**Task objective:**
Please output the listing below character for character and omit the images.

**Supplied data:**
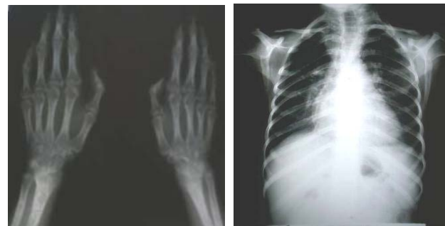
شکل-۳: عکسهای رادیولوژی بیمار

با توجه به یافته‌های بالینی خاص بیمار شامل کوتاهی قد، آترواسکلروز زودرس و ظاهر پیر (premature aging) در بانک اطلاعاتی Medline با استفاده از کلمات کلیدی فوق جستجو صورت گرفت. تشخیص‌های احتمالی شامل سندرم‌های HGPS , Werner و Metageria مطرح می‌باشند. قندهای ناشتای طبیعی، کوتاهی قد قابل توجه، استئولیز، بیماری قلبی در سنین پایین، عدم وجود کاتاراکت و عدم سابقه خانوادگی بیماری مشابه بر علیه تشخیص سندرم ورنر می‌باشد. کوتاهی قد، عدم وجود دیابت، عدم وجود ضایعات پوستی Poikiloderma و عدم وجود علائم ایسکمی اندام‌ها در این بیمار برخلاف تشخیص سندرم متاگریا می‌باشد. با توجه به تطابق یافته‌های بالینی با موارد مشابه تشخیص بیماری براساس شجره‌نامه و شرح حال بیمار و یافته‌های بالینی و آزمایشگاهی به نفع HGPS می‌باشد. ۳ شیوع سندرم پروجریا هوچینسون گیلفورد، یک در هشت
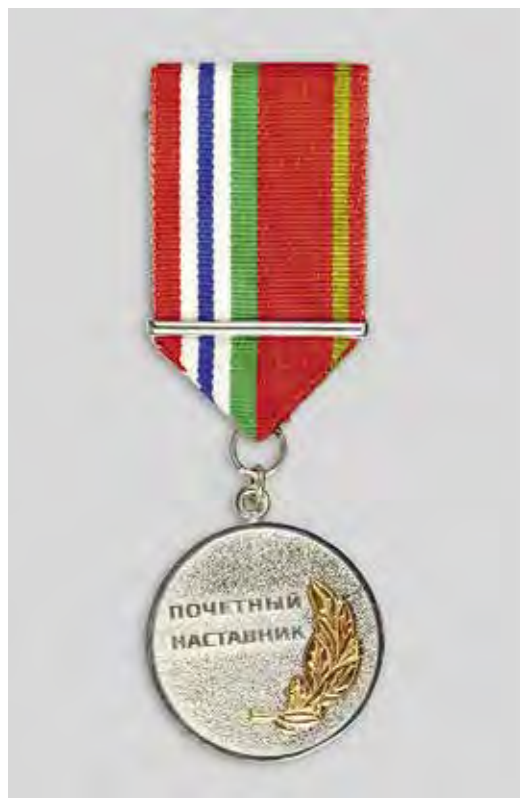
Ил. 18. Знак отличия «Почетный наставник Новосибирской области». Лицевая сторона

**Reply to the task:**
شکل-۳: عکسهای رادیولوژی بیمار

با توجه به یافته‌های بالینی خاص بیمار شامل کوتاهی قد، آترواسکلروز زودرس و ظاهر پیر (premature aging) در بانک اطلاعاتی Medline با استفاده از کلمات کلیدی فوق جستجو صورت گرفت. تشخیص‌های احتمالی شامل سندرم‌های HGPS , Werner و Metageria مطرح می‌باشند. قندهای ناشتای طبیعی، کوتاهی قد قابل توجه، استئولیز، بیماری قلبی در سنین پایین، عدم وجود کاتاراکت و عدم سابقه خانوادگی بیماری مشابه بر علیه تشخیص سندرم ورنر می‌باشد. کوتاهی قد، عدم وجود دیابت، عدم وجود ضایعات پوستی Poikiloderma و عدم وجود علائم ایسکمی اندام‌ها در این بیمار برخلاف تشخیص سندرم متاگریا می‌باشد. با توجه به تطابق یافته‌های بالینی با موارد مشابه تشخیص بیماری براساس شجره‌نامه و شرح حال بیمار و یافته‌های بالینی و آزمایشگاهی به نفع HGPS می‌باشد. ۳ شیوع سندرم پروجریا هوچینسون گیلفورد، یک در هشت
Ил. 18. Знак отличия «Почетный наставник Новосибирской области». Лицевая сторона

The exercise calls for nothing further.